Let us define a parametric statistical model as a triplet consisting of a probability space $( \Omega, \mathcal{F}, P )$, a parameter space $\Theta$ (open subset of $\mathbb{R}^d$), and a measurable map
$$ X: \Omega \times \Theta \rightarrow \mathcal{X} \subset \mathbb{R}^n \\ \quad \quad(\omega, \theta) \rightarrow X( \omega, \theta) $$.
where in $\Theta$ we consider its Borelian sigma-field.

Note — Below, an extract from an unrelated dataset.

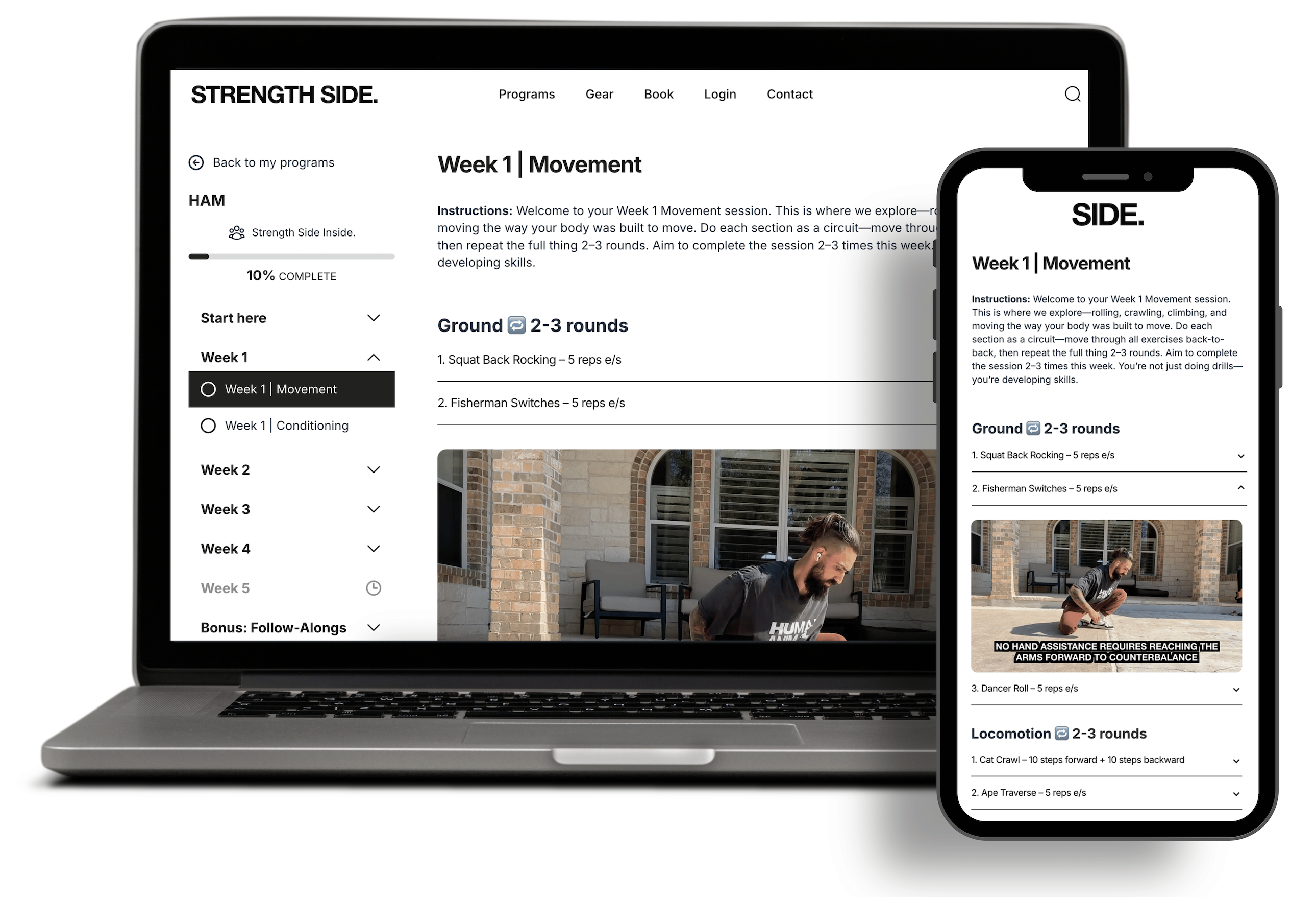 But the schedule is also completely customizable to your own unique needs. You can combine the Movement day with your lifting or running training. However you choose to structure your week, I can help with this just shoot an email to yo@strengthside.com.

Let us define a statistic $T: \mathcal{X} \rightarrow \mathbb{R}^m $ as a measurable map.
Suppose also that the the family of random variables ${X(·, θ), θ ∈ Θ}$ is
also regular in the following sense:
- $X$ has a density $p(·; \theta) \in C^1$ for all $\theta \in \Theta$ with support, $supp(X)$, independent of $\theta$.
- $X(\omega, ·) \in C^1$ as a function of $\theta, \forall \omega \in \Omega$. Furthermore, $\partial_{\theta} X_j \in L^2(\Omega)$ and $E(\partial_{\theta} X_j |X = x) \in C^1$ as a function of $x, \forall{\theta} \in \Theta$ and $j = 1, \dots, n$.
Then I find written that
$$ E\left( \sum_{j=1}^n \partial_{x_j} T(X) \partial_{\theta} X_j \right) = \int_{\mathbb{R}^n} \sum_{j=1}^n \partial_{x_j} T(x) E[ \partial_{\theta} X_j | X = x ] p(x; \theta) dx $$
How does one prove this equality?
Also, say that $\partial_{\theta} X_j$ was a function of $X$ would there be anything wrong in writing $ E\left( \sum_{j=1}^n \partial_{x_j} T(X) \partial_{\theta} X_j \right) = \int_{\mathbb{R}^n} \sum_{j=1}^n \partial_{x_j} T(x) \partial_{\theta} x_j(\theta) p(x; \theta) dx $ ?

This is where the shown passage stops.